- Exercise details:
Beneath this line are the data; copy exactly the part of them that opens with the line containing "通过多云纳管,,,,以统一的" and closes with the line containing "straw day since", and only that part.

- Data to process:
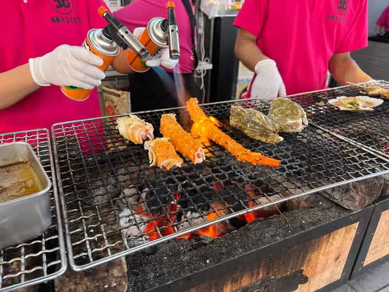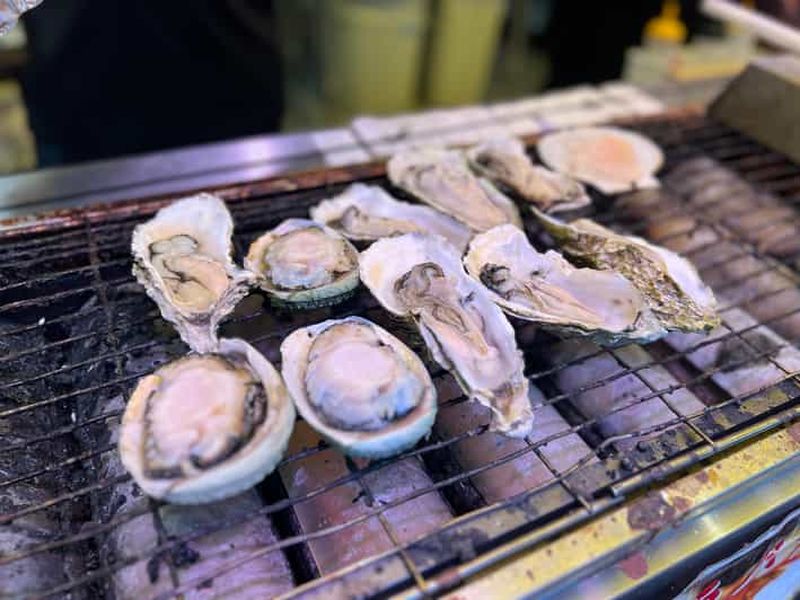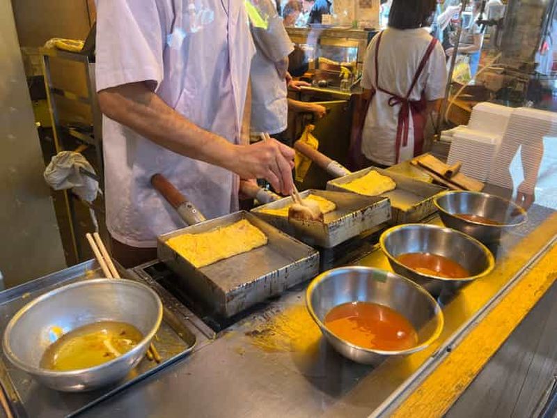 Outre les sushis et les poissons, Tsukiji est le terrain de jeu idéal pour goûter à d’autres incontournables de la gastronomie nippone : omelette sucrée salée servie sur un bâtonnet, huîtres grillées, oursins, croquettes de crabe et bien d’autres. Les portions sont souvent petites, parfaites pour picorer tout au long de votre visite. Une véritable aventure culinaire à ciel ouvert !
---
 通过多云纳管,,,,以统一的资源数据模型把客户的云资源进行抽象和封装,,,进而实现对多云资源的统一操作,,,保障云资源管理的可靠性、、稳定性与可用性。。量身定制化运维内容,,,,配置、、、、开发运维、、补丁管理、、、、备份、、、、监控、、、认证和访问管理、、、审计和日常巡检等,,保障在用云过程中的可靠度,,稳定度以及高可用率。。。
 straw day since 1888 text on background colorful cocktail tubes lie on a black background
* * *
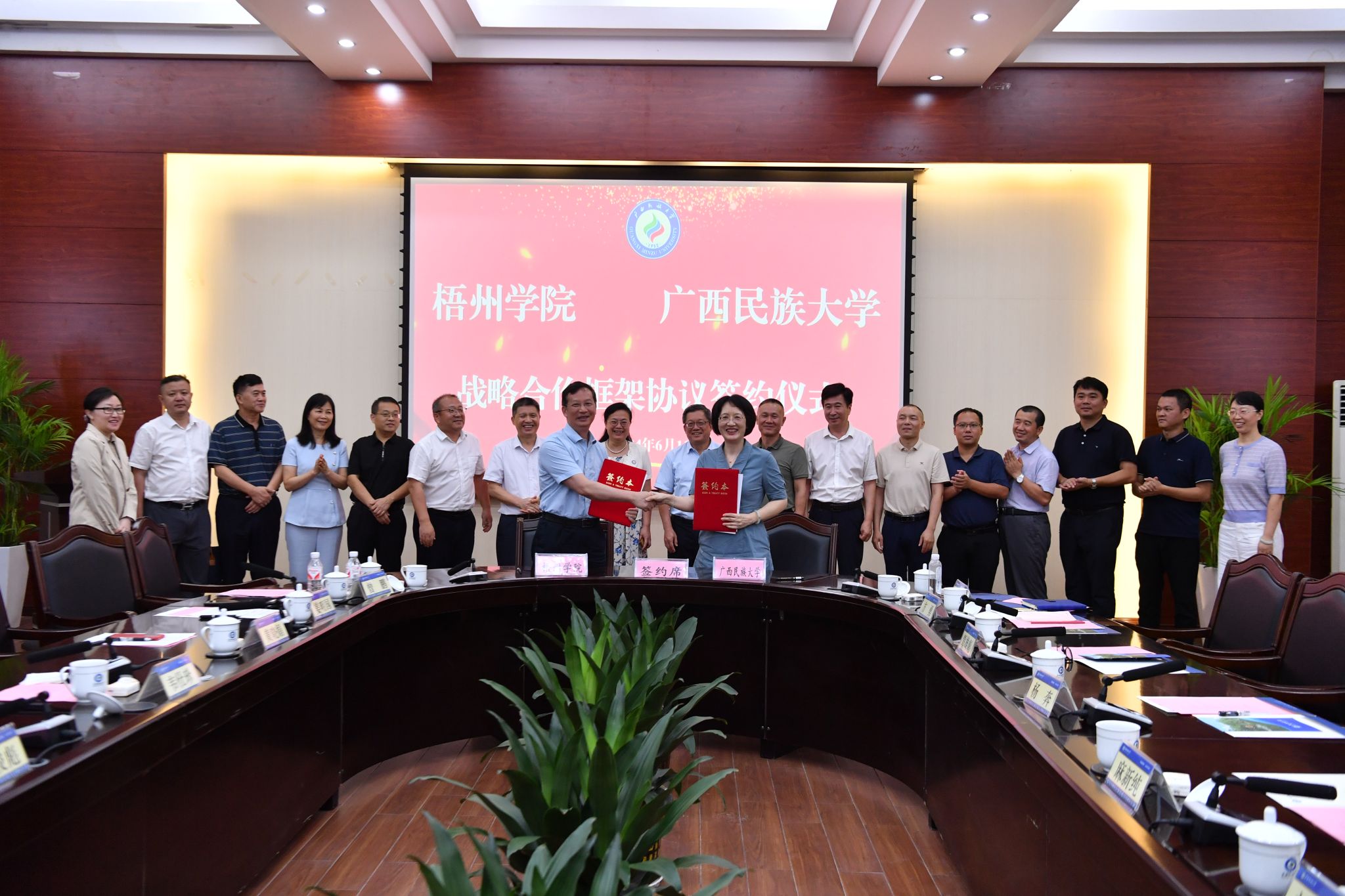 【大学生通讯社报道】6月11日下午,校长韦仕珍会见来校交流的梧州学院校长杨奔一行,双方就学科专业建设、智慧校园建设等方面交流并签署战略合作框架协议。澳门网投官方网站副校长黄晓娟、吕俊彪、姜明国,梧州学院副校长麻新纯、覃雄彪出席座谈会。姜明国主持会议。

- Response below:
 通过多云纳管,,,,以统一的资源数据模型把客户的云资源进行抽象和封装,,,进而实现对多云资源的统一操作,,,保障云资源管理的可靠性、、稳定性与可用性。。量身定制化运维内容,,,,配置、、、、开发运维、、补丁管理、、、、备份、、、、监控、、、认证和访问管理、、、审计和日常巡检等,,保障在用云过程中的可靠度,,稳定度以及高可用率。。。
 straw day since 1888 text on background colorful cocktail tubes lie on a black background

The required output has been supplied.